**Task item:**
Nothing may be left out of the listing below but its images; repeat the rest exactly.
*** Opening of Dataset extract ***
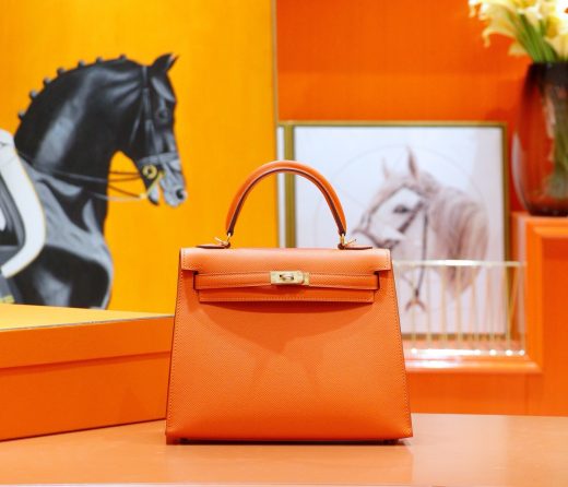 MrBirkin Kelly Epsom Leather Orange Gold Hardware 25cm Full Handmade
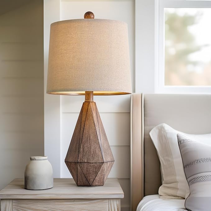 - Deep Brown Vintage Design - The deep brown resin wood grain base is designed in unique irregular diamond shapes for a vintage appeal. The oatmeal linen shades and knob switch add a touch of nostalgia to your home. Brighten up your house with this charming set of 2 retro farmhouse table lamps.
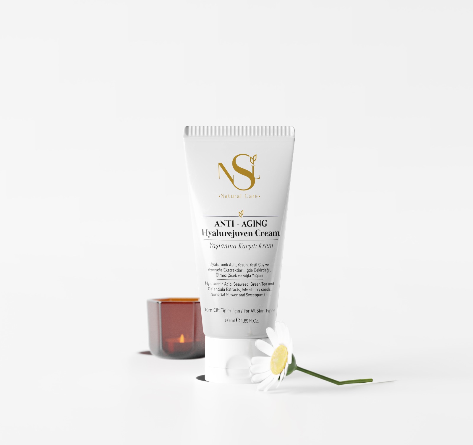 Uzun süren klinik AR-GE çalışmalarımız sonucunda elde ettiğimiz yaşlanma karşıtı kremimiz zengin bitki flavanoidleri, hyaluronik asit, cildi besleyici, kompleks B vitaminleri, cilde aydınlık ve ışıltı veren C vitamini, cildi derinlemesine nemlendiren E vitamini, ve daha bir çok cilde faydalı mineraller içerir.
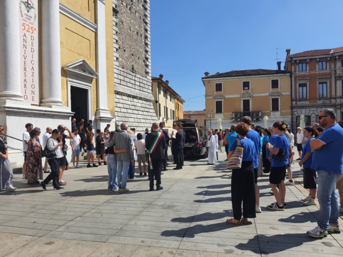 Il Duomo di Chiari era pieno, oggi pomeriggio, per le esequie celebrate dal prevosto della città Monsignor Gian Maria Fattorini. Stretti attorno alla bara di legno chiaro, sormontata da fiori arancioni, c’erano gli amici, i parenti, ma anche i colleghi della piscina, e i volontari della quadra Cortezzano di cui Matteo faceva parte. In fascia tricolore, i due sindaci di Chiari e di Castrezzato Gabriele Zotti e Luigi Cuneo.
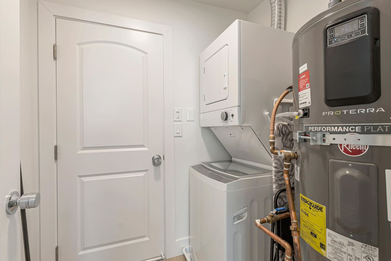 - Full kitchen with quartz countertops and high-end Whirlpool stainless appliances, including an oversized fridge, full stove, and dishwasher.
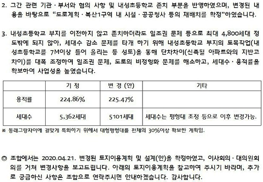 최근 조합 측에서는 총 세대수 5101세대 + 대형평형 30%
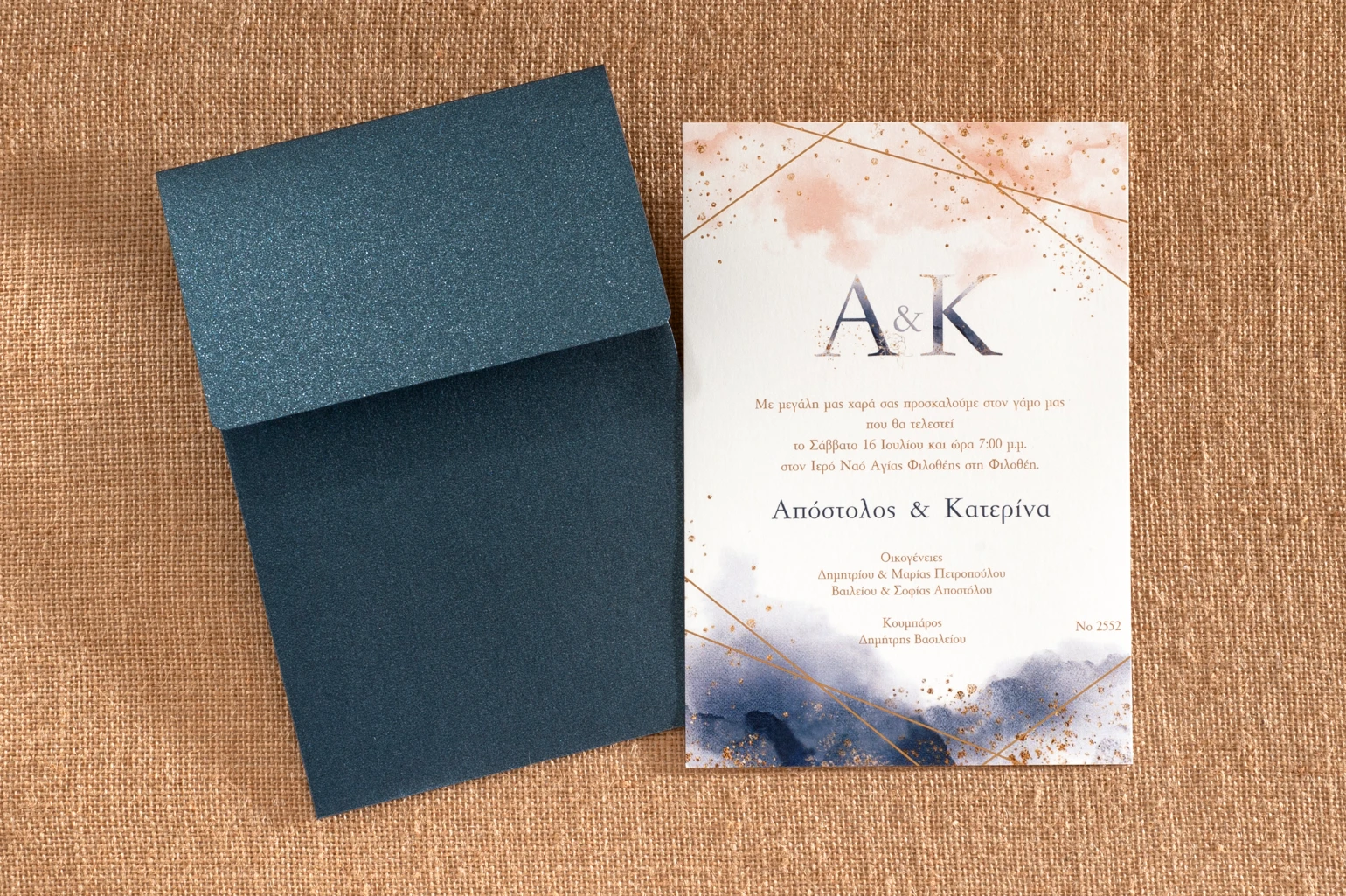 Προσκλητήριο γάμου τυπωμένο σε κάρτα με χρωματισκούς κυματισμούς και φάκελος σε μπλε σκούρο χρώμα.
*** Close of Dataset extract ***
**Answer space:**
 MrBirkin Kelly Epsom Leather Orange Gold Hardware 25cm Full Handmade
 - Deep Brown Vintage Design - The deep brown resin wood grain base is designed in unique irregular diamond shapes for a vintage appeal. The oatmeal linen shades and knob switch add a touch of nostalgia to your home. Brighten up your house with this charming set of 2 retro farmhouse table lamps.
 Uzun süren klinik AR-GE çalışmalarımız sonucunda elde ettiğimiz yaşlanma karşıtı kremimiz zengin bitki flavanoidleri, hyaluronik asit, cildi besleyici, kompleks B vitaminleri, cilde aydınlık ve ışıltı veren C vitamini, cildi derinlemesine nemlendiren E vitamini, ve daha bir çok cilde faydalı mineraller içerir.
 Il Duomo di Chiari era pieno, oggi pomeriggio, per le esequie celebrate dal prevosto della città Monsignor Gian Maria Fattorini. Stretti attorno alla bara di legno chiaro, sormontata da fiori arancioni, c’erano gli amici, i parenti, ma anche i colleghi della piscina, e i volontari della quadra Cortezzano di cui Matteo faceva parte. In fascia tricolore, i due sindaci di Chiari e di Castrezzato Gabriele Zotti e Luigi Cuneo.
 - Full kitchen with quartz countertops and high-end Whirlpool stainless appliances, including an oversized fridge, full stove, and dishwasher.
 최근 조합 측에서는 총 세대수 5101세대 + 대형평형 30%
 Προσκλητήριο γάμου τυπωμένο σε κάρτα με χρωματισκούς κυματισμούς και φάκελος σε μπλε σκούρο χρώμα.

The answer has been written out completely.